» **Provided entries**:
----------

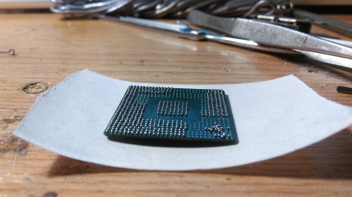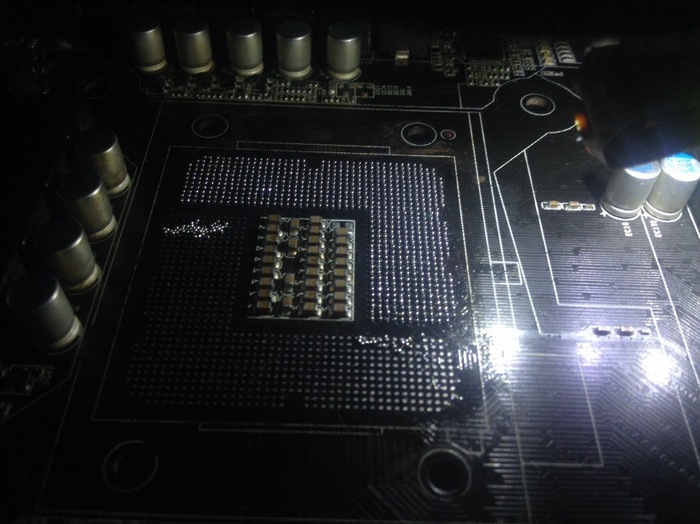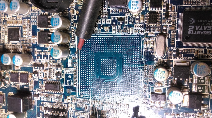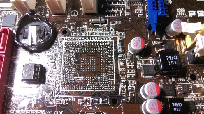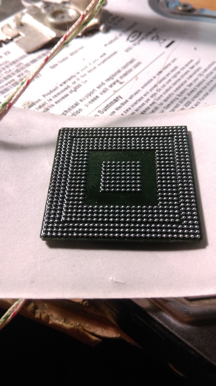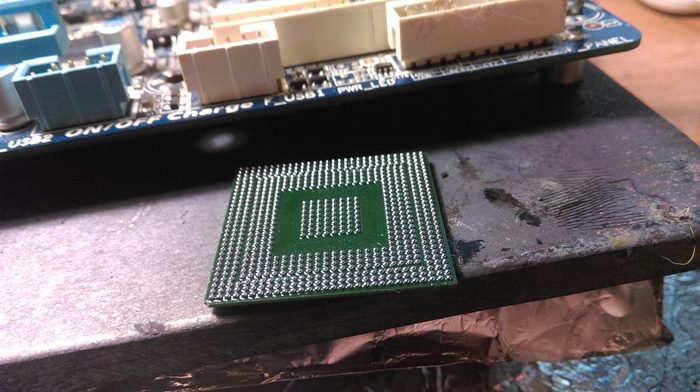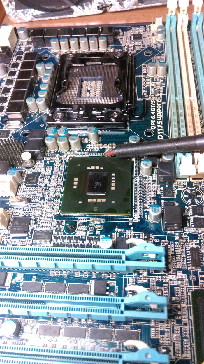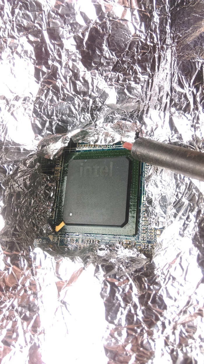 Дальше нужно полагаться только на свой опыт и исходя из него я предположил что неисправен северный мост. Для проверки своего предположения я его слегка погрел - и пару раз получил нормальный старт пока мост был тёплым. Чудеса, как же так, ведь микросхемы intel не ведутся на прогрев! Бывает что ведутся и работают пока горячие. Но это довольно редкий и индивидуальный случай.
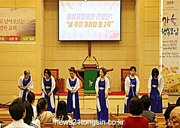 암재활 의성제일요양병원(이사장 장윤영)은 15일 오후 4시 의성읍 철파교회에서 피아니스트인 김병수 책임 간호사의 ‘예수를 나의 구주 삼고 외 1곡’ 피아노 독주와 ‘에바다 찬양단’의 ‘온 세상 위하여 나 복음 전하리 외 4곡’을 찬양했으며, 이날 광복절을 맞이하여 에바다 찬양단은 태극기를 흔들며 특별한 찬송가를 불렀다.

----------

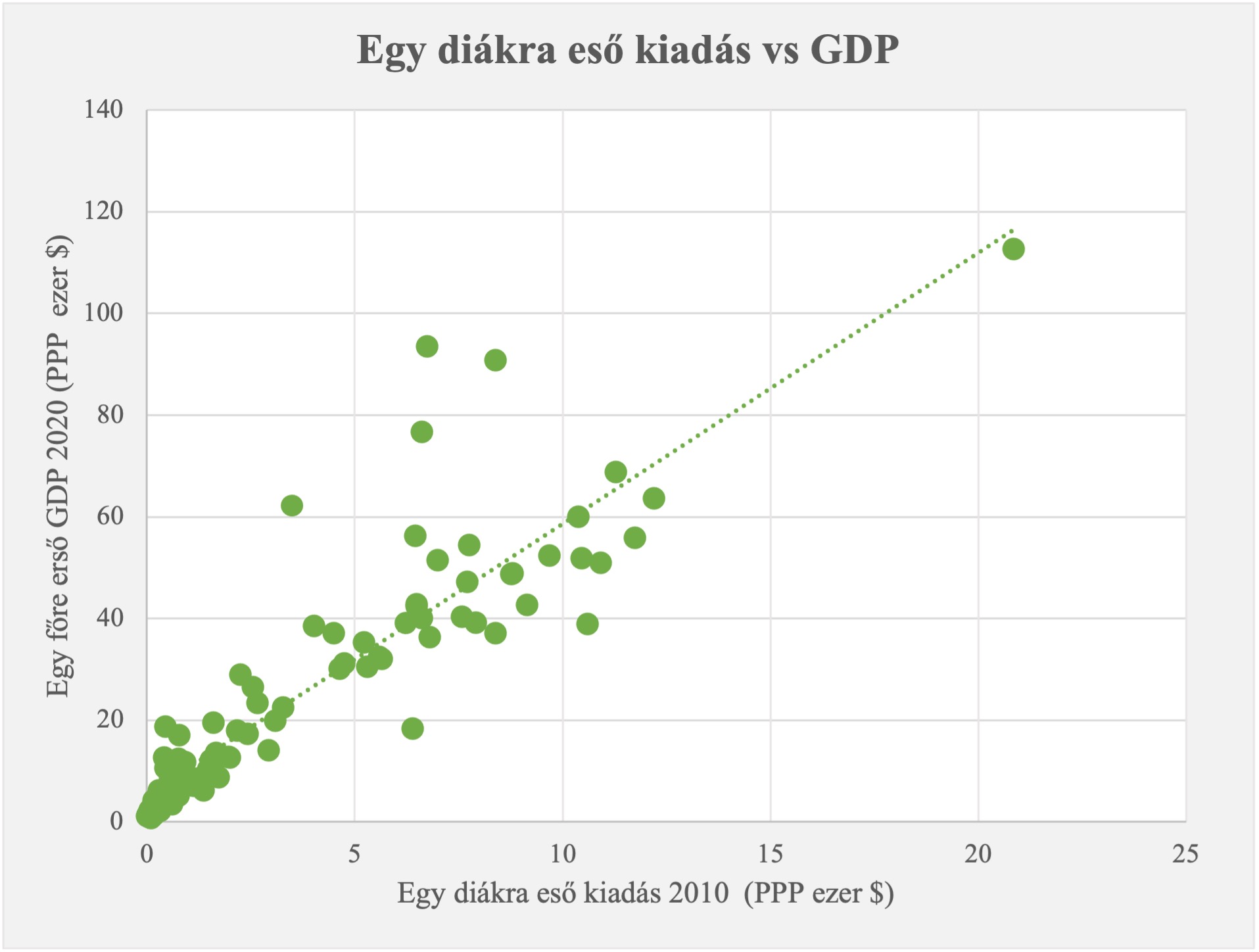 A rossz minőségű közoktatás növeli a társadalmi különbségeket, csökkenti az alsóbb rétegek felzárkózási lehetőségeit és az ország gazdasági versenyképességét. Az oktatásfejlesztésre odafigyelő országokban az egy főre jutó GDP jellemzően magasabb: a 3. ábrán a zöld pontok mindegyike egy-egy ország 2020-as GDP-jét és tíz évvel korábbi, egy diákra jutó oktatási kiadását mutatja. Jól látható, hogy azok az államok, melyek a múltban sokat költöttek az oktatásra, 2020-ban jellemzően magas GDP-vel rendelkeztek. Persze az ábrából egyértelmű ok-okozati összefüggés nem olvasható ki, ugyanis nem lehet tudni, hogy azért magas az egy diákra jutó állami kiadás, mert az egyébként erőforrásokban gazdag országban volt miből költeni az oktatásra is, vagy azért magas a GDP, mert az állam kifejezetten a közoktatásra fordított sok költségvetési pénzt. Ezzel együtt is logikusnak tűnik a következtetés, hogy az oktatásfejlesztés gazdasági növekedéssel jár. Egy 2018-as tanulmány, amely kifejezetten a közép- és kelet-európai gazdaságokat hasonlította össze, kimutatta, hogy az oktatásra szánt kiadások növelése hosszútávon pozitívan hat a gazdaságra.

----------

» **Your objective**: After locating the line containing "Дальше нужно полагаться" in the entries above, return it and every line after it exactly, ending at the line containing "암재활 의성제일요양병원(이사장 장윤영)은", without pictures.

» **Response to the exercise**:
 Дальше нужно полагаться только на свой опыт и исходя из него я предположил что неисправен северный мост. Для проверки своего предположения я его слегка погрел - и пару раз получил нормальный старт пока мост был тёплым. Чудеса, как же так, ведь микросхемы intel не ведутся на прогрев! Бывает что ведутся и работают пока горячие. Но это довольно редкий и индивидуальный случай.
 암재활 의성제일요양병원(이사장 장윤영)은 15일 오후 4시 의성읍 철파교회에서 피아니스트인 김병수 책임 간호사의 ‘예수를 나의 구주 삼고 외 1곡’ 피아노 독주와 ‘에바다 찬양단’의 ‘온 세상 위하여 나 복음 전하리 외 4곡’을 찬양했으며, 이날 광복절을 맞이하여 에바다 찬양단은 태극기를 흔들며 특별한 찬송가를 불렀다.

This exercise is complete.